What you have to do:
Write out the listing below in full and exactly, leaving out every picture.
-------- Data
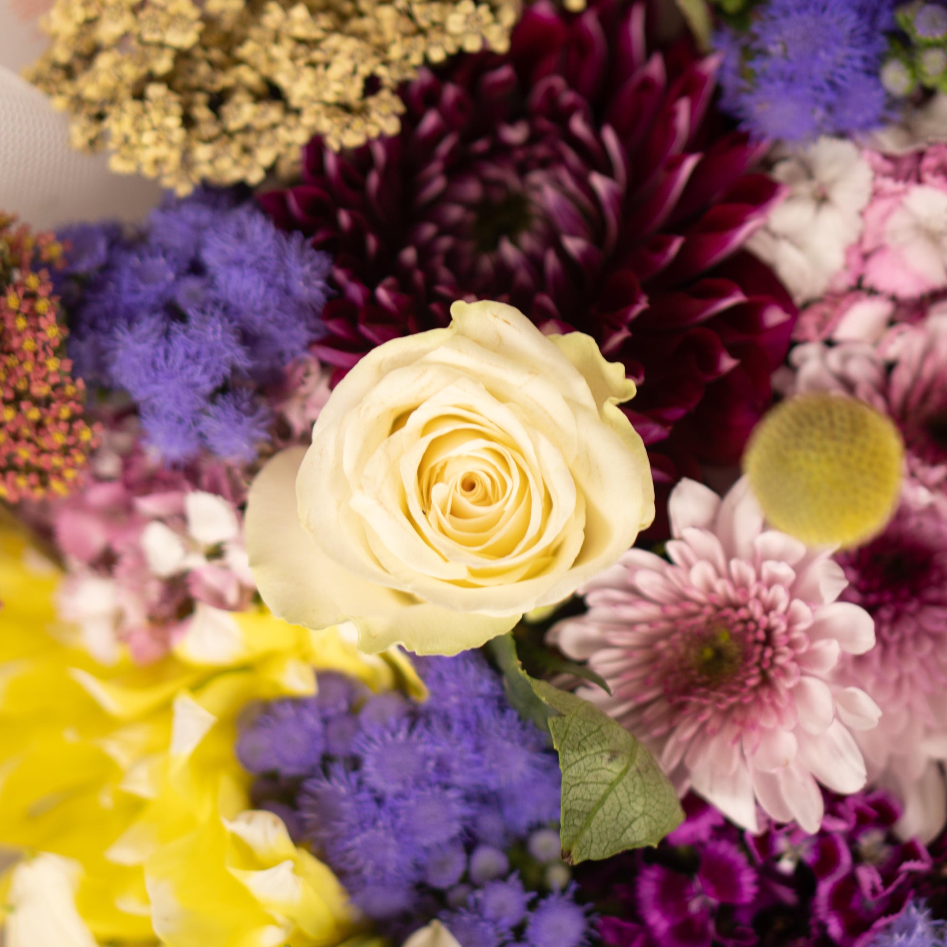 White roses and lilies meet lilac tones, double-shaded blooms, and golden craspedia accents.
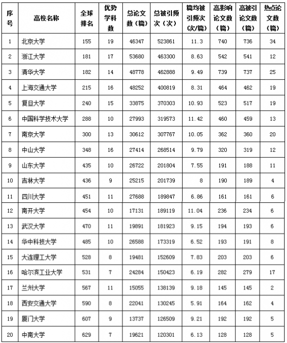 从高影响论文的学科分布和院系分布来看,工程学、材料科学、物理、化学、计算机科学等学科领域的交叉融合较强,说明我校已经形成以特色优势学科为核心,与其他学科交叉融合的学科体系。
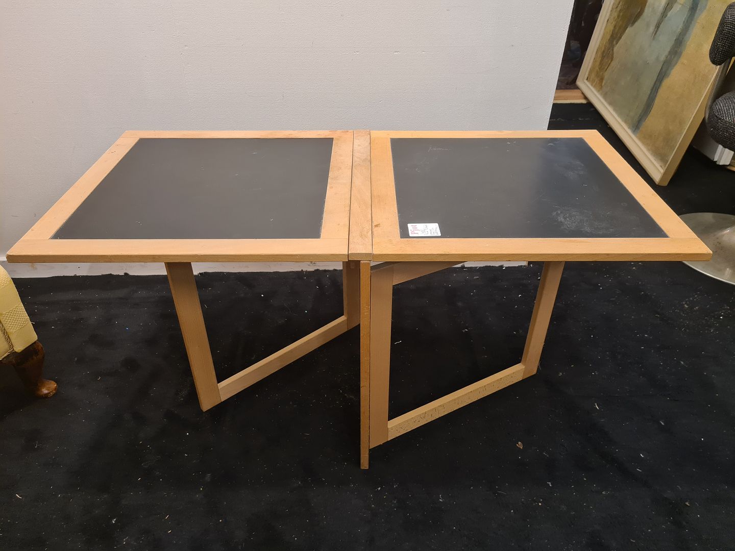 Arne Robert klap sofabord i bøg med plader i sort laminat.
----------------
Exercise result:
 White roses and lilies meet lilac tones, double-shaded blooms, and golden craspedia accents.
 从高影响论文的学科分布和院系分布来看,工程学、材料科学、物理、化学、计算机科学等学科领域的交叉融合较强,说明我校已经形成以特色优势学科为核心,与其他学科交叉融合的学科体系。
 Arne Robert klap sofabord i bøg med plader i sort laminat.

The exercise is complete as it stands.